Thursday, May 29, 2008

RIGHT-WINGERS BASH MEDIA FOR BASHING McCAIN USING RIGHT-WING MEMES

The Project for Excellence in Journalism has released a new study of campaign media coverage, and the Internet right is being predictably self-righteous. NewsBusters says:

Left-leaning Journalism Group Admits McCain Gets Worse Media Treatment

Ed Morrissey of Hot Air says,

Study shows media treats McCain negatively, Obama and Clinton kindly

That's true -- with some big caveats.

From January 1, just before the Iowa caucuses, through March 9, following the Texas and Ohio contests, the height of the primary season, the dominant personal narratives in the media about Obama and Clinton were almost identical in tone, and were both twice as positive as negative...

On the Republican side, John McCain, the candidate who quickly clinched his party’s nomination, has had a harder time controlling his message in the press. Fully 57% of the narratives studied about him were critical in nature, though a look back through 2007 reveals the storyline about the Republican nominee has steadily improved with time.


As an explanation for the positive coverage of Democrats, the first thing to notice is the cutoff date of the survey -- March 9. Things had only begun getting really ugly on the Democratic side by then; as we're told in the survey, the press mostly took its cue from the campaigns themselves.
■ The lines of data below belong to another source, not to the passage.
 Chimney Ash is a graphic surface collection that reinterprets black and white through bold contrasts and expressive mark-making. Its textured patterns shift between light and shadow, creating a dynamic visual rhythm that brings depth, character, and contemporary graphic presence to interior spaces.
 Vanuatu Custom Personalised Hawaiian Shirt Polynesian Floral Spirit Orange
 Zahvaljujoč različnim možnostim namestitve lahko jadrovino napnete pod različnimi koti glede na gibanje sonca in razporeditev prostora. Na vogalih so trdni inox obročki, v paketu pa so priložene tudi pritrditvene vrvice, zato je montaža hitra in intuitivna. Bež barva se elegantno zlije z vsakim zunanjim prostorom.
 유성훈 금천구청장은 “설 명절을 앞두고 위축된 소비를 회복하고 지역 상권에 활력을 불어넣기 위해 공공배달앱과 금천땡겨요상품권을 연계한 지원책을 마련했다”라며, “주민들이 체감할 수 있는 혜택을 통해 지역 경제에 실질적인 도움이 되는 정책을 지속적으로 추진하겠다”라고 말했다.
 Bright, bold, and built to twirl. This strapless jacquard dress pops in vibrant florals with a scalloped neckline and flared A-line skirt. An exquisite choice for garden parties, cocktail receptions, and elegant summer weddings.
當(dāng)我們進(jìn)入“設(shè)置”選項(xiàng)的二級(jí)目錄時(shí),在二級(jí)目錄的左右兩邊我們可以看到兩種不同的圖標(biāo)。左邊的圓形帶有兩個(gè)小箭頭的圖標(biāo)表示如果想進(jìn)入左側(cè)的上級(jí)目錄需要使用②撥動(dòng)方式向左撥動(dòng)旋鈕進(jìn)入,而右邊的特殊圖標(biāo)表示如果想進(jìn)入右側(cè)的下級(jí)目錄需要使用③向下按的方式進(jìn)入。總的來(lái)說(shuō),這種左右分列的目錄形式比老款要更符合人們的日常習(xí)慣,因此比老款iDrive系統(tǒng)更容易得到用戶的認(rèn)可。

When the Democratic race started to feature more attacks, Obama's coverage became more negative:

The year started off with pro-Obama assertions representing 77% of the narratives studied about him. But by early March that figure had dropped to 53%, a 24-point decline.

As for McCain, what was the basic message of the negative coverage he received? That he wasn't conservative enough -- a message that "liberal media" bashers like Morrissey and NewsBusters don't want to admit came from the right itself.

Overall, from January 1 through March 9, 2008, the coverage of [McCain's] master narrative was 57% negative versus 43% positive.

Within that battle, one criticism has proved particularly persistent. Claims that he is not a reliable conservative and may alienate the conservative core of the party accounted for fully half of all threads studied during this time (and 88% of the all negative threads).


Basically, the negative stories about McCain tracked the Limbaughnista right's increasing hysteria about McCain in an almost linear fashion, peaking just at the time when they were shrieking and howling the loudest that a McCain primary victory would be the end of the GOP (and thus civilization) as we know it:

Through mid-February, McCain continued to lose control of the personal narrative, despite his electoral success. During this period, negative messages reached the highest level of any candidate during this study (65% negative). Despite strong wins on Super Tuesday, which cemented his lead and led to a Romney withdraw (February 7), the battle for positive personal coverage proved elusive.

Questions about McCain’s conservative credentials shot to nearly two-thirds (62%) of the personal assertions about the GOP candidate during this time.

McCain supporters amped up their defense and managed to double the presence of rebuttals to this charge (12% versus 6% in the previous time period). That still meant that doubts about McCain’s conservatism outweighed defenses of it by roughly five to one.


Nevertheless, McCain had "a roughly 50-50 split between positive and negative personal narratives from February 18 -- March 9." That's when Obama's positive coverage dropped to 53%.

Not a huge difference.

So once the other GOP candidates started dropping out of the race and the Republican Party started to focus on winning the general election, the press started being nicer to McCain -- roughly as nice as it was being to Barack Obama.

And now that the right's grumbling about McCain has effectively stopped, I suspect the numbers for the rest of March, April, and May -- not to mention the rest of the year -- are going to look very, very different.